In Step 2, we distinguish between label column and label rows from
values inside those tables. This time, the same supervised machine
learning approach is used, but the training data is different from
those in Step 1. In Step 3, after those label rows and label column
are identified, an elaborate procedure is applied to these complex
tables to ensure that semantically coherent labels are not
separated into multiple cells, or multiple distinct labels are not
squashed into a cell. The goal here is to associate each value with
their labels in the same column and the same row. The result of the
Step 3 is a list of attribute-value pairs. In Step 4, a rule-based
inference module goes through each attribute-value pairs and
identify the desirable ones to populate the officers and directors
database.
[0105] Before providing the details of those steps, we will first
describe the annotation for performing the supervised learning
employed in both Step 1 and Step 2.
[0106] Annotation Requirements: In the early stage of the project,
we originally categorized tables containing desired information
based on the overall information conveyed in each table, such as
"officer compensation" or "director committee assignment". We
annotate tables with the desired relations directly. In SEC
filings, the relation "name+title" might appear in various
categories of tables, which makes the original table categories
ineffective. In addition, there are too many variations of tables
in this domain which makes defining an effective closed set of
categories difficult. For example, Table 3 is a compensation table,
but it also contains job title information.
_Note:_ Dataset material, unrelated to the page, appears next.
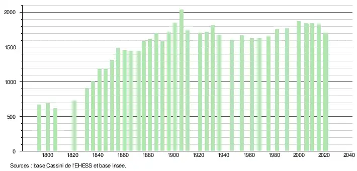 L'évolution du nombre d'habitants est connue à travers les recensements de la population effectués dans la commune depuis 1793. Pour les communes de moins de 10 000 habitants, une enquête de recensement portant sur toute la population est réalisée tous les cinq ans, les populations légales des années intermédiaires étant quant à elles estimées par interpolation ou extrapolation[33]. Pour la commune, le premier recensement exhaustif entrant dans le cadre du nouveau dispositif a été réalisé en 2005[34].
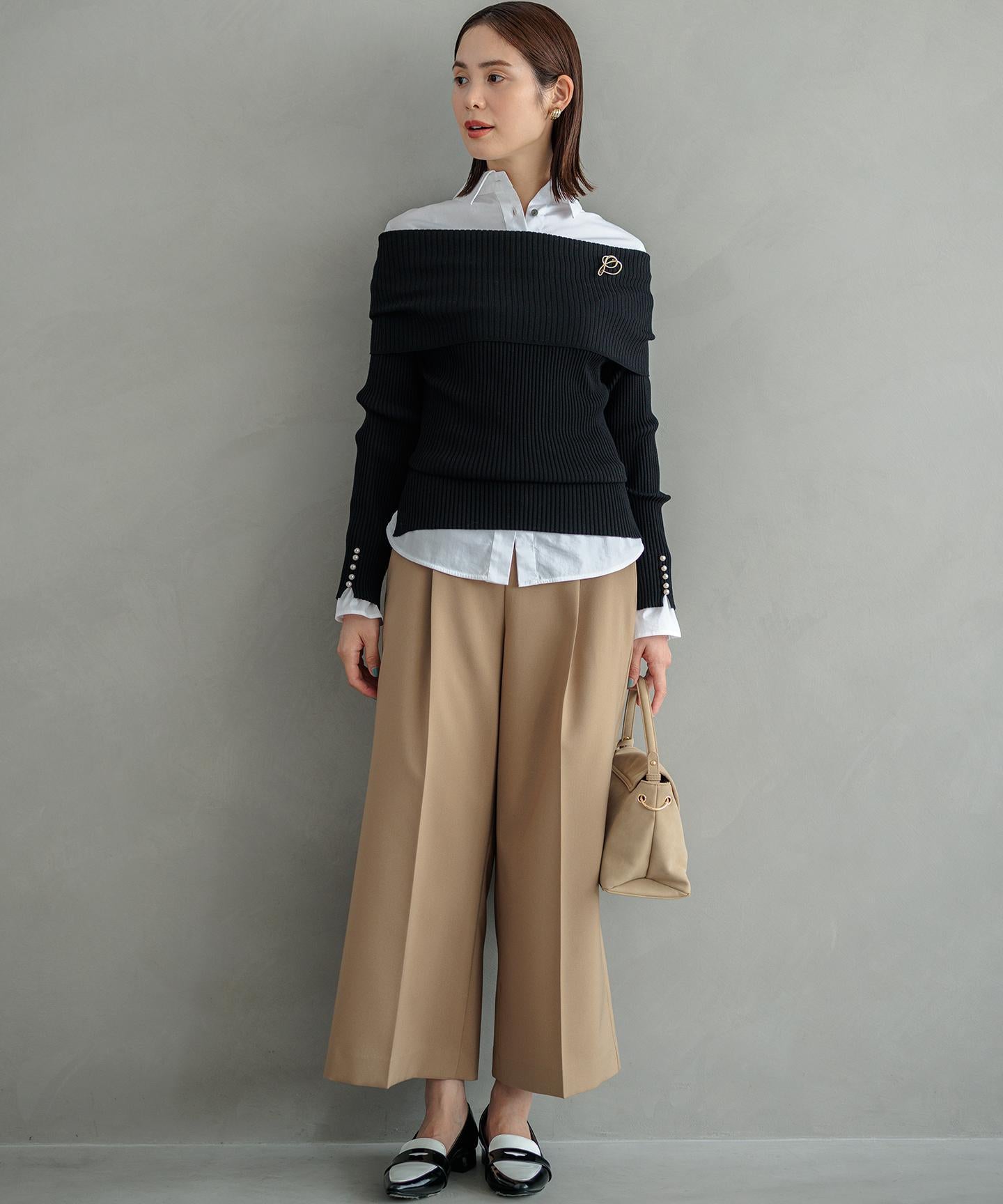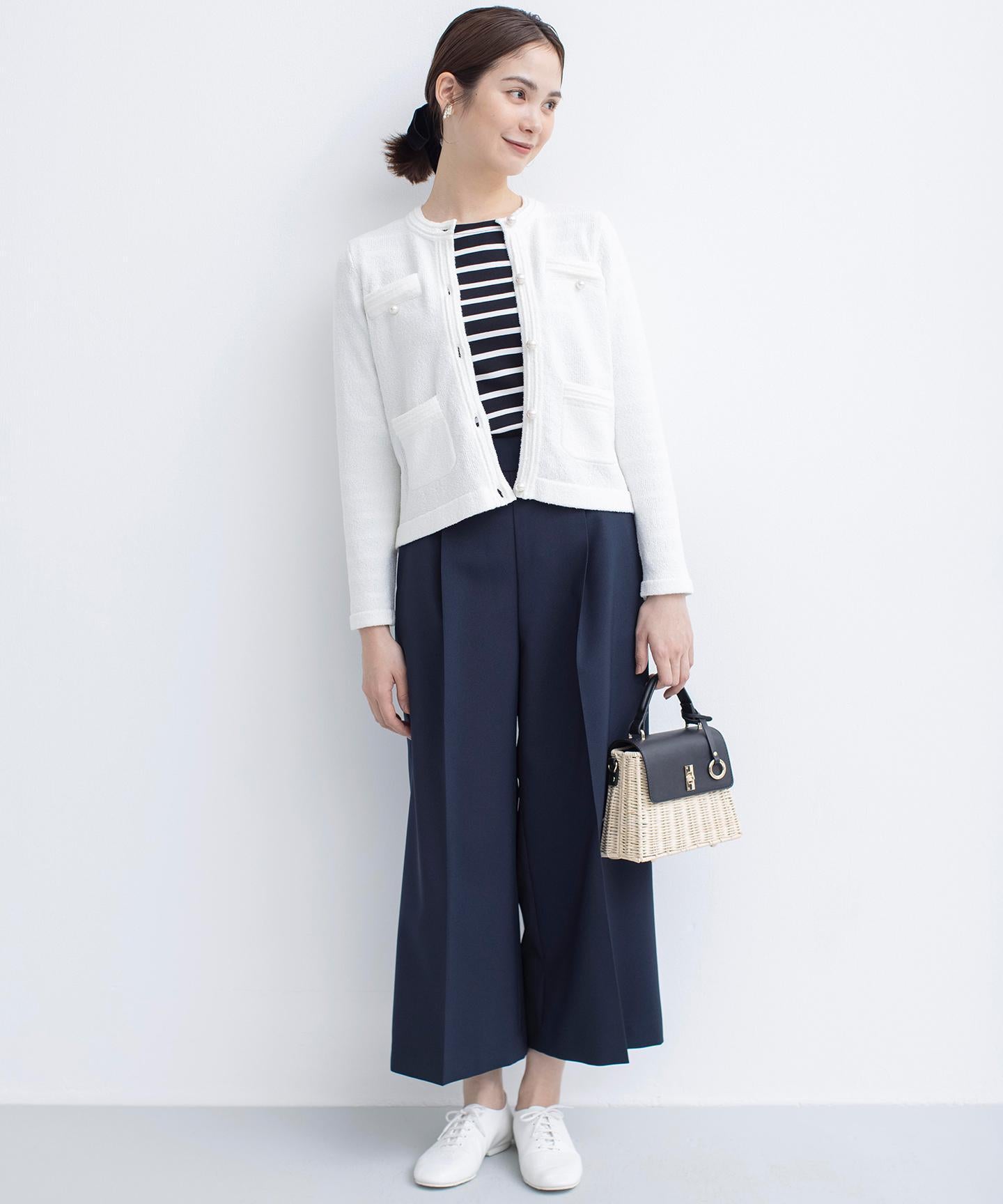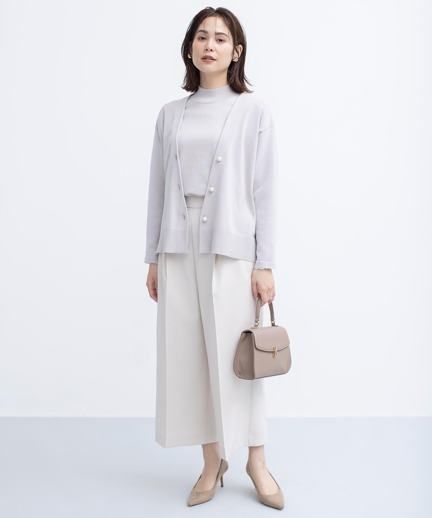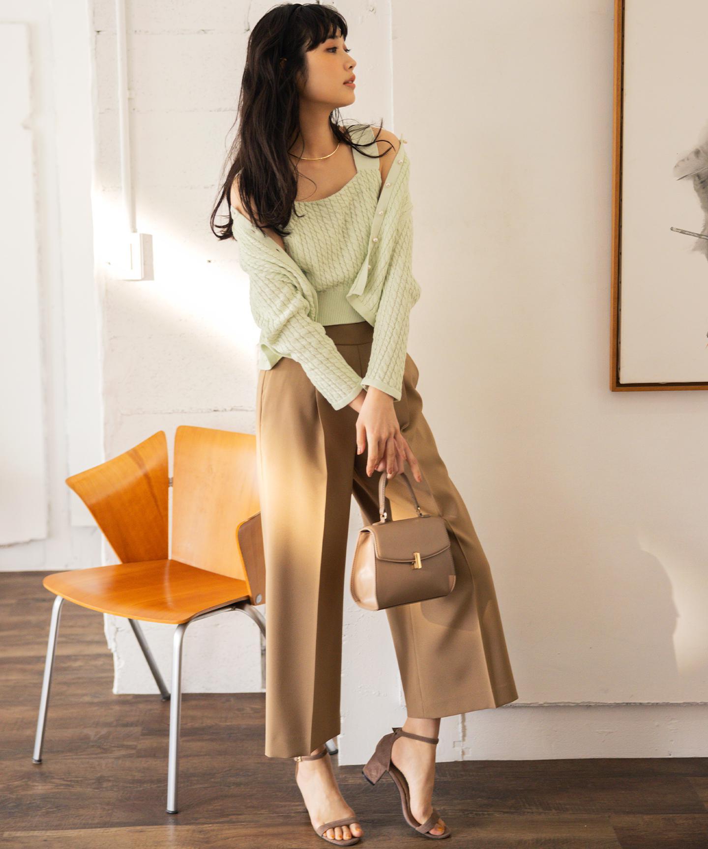 ■デザイン裾にかけて美しく広がるクロプト丈のガウチョパンツ。綺麗に落ちたシルエットと歩くたびに美しくなびく裾が魅力的です。ややハイウエストになっており、腰まわりはすっきりとしたシルエットでスタイルアップを叶えてくれます。ウエストベルトの後ろはゴム仕様でイージーなはき心地も。長時間の着用もラクチンながらもきれいめに見えるデザインがポイントです。

[0107] To make our system more robust against lexical variations
and table variations, we employed supervised machine learning in
Step 1 and Step 2. As we know in supervised learning, one of the
most challenging and time-consuming tasks is to obtain the labeled
examples. To make our approach reusable across different domains,
we developed a scheme that minimizes the human annotation effort
needed.
[0108] For the tables containing the desired information, the
exemplary embodiment uses the following annotations: [0109] 1.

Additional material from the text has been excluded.